P&O Ferries said it would put passengers on the next available sailing if they missed their boat, and said customers did not need to call to amend their booking. 

Anyone travelling to Folkestone or Dover was encouraged to take plenty of breaks on the way and ensure you have enough food and drink.As the shuttle and the ferries are running well, they are under no obligation to compensate passengers. In the event of a delay with sailings or crossings then customers would have a claim.

This means that while ferries are still running as scheduled from Dover, passengers who choose to book a crossing from an alternative port will not be entitled to any money back on their ticket.

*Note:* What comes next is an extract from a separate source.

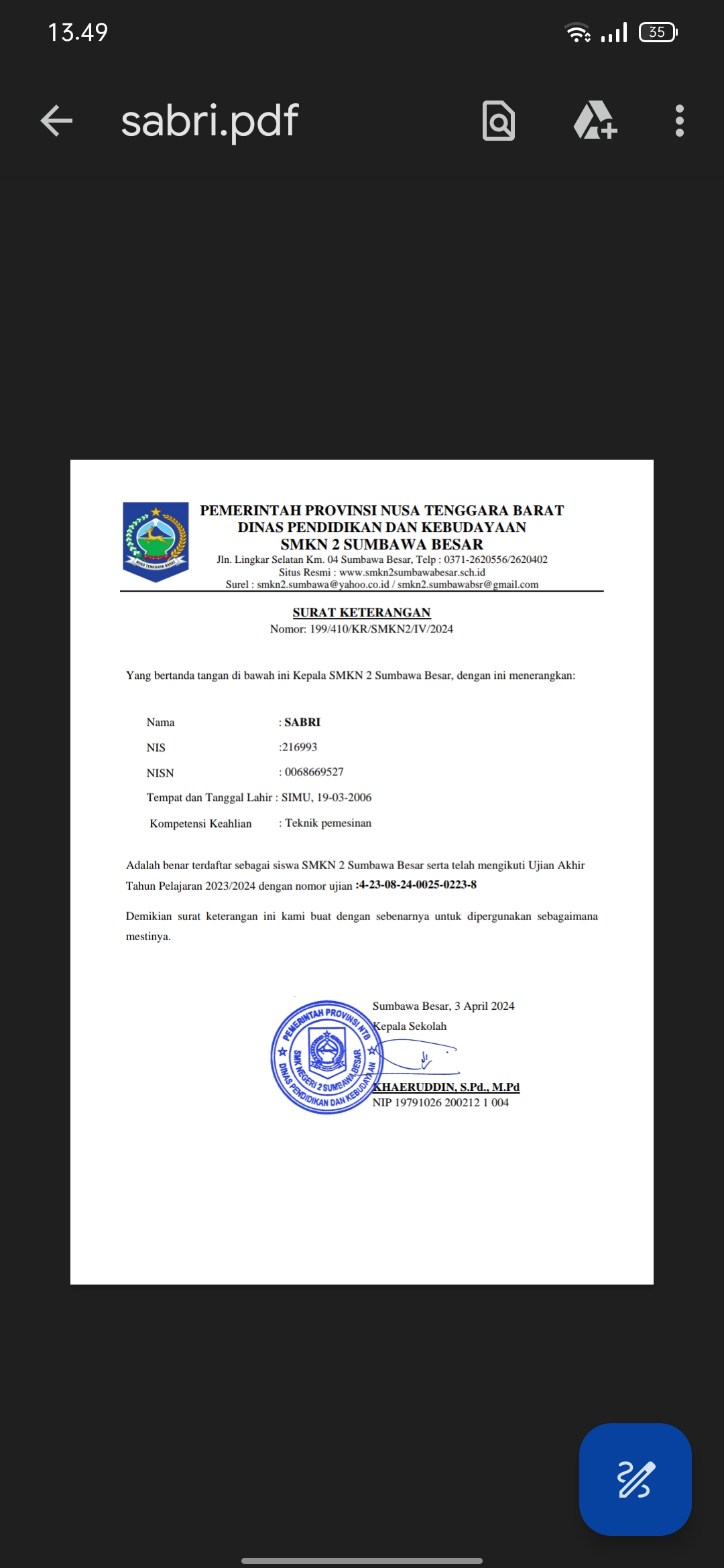 ![]() | Surat keterangan lulus sekolahSabri59745974t3QuHJNzIT.jpg | 2024-06-07 05:50 | 318K | |
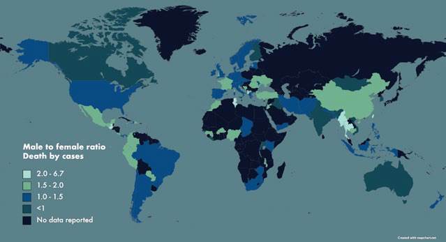Figura 1: Mapa de proporción de muertes por casos de hombres frente a mujeres Notas aclaratorias: se resaltan los países según la razón hombres/mujeres en muertes por COVID-19. Se observa un predominio de la sobrevivencia femenina, donde Santa Lucía, Taiwán, Myanmar, Tailandia, Túnez y Albania resaltan por presentar una razón de menos de la mitad de mortalidad femenina frente a la masculina. Por otro lado, Vietnam, Uganda, India, Iraq, Australia, Corea del Sur y Liberia son contrarias a la tendencia global. Alrededor de 100 países no poseen suficiente información para medir la proporción en el número de muertes disgregado por sexo.

“If a ferry is cancelled or delayed by more than 90 minutes, customers should be offered the choice between a refund or the next available sailing.

"But if you find yourself caught up in the gridlock and miss your crossing, P&O, DFDS and Eurotunnel are all putting passengers on the next available service at no extra cost," Guy Hobbs, Editor of Which? Travel, said.

Mr Hobbs adds may be able to get money back on your insurance. "You won't get any additional compensation for delays that are outside the ferry operators' control, but travel insurance may cover you for extra expenses, for example needing to book new accommodation.

"Check your policy wording carefully so you understand any limitations to cover."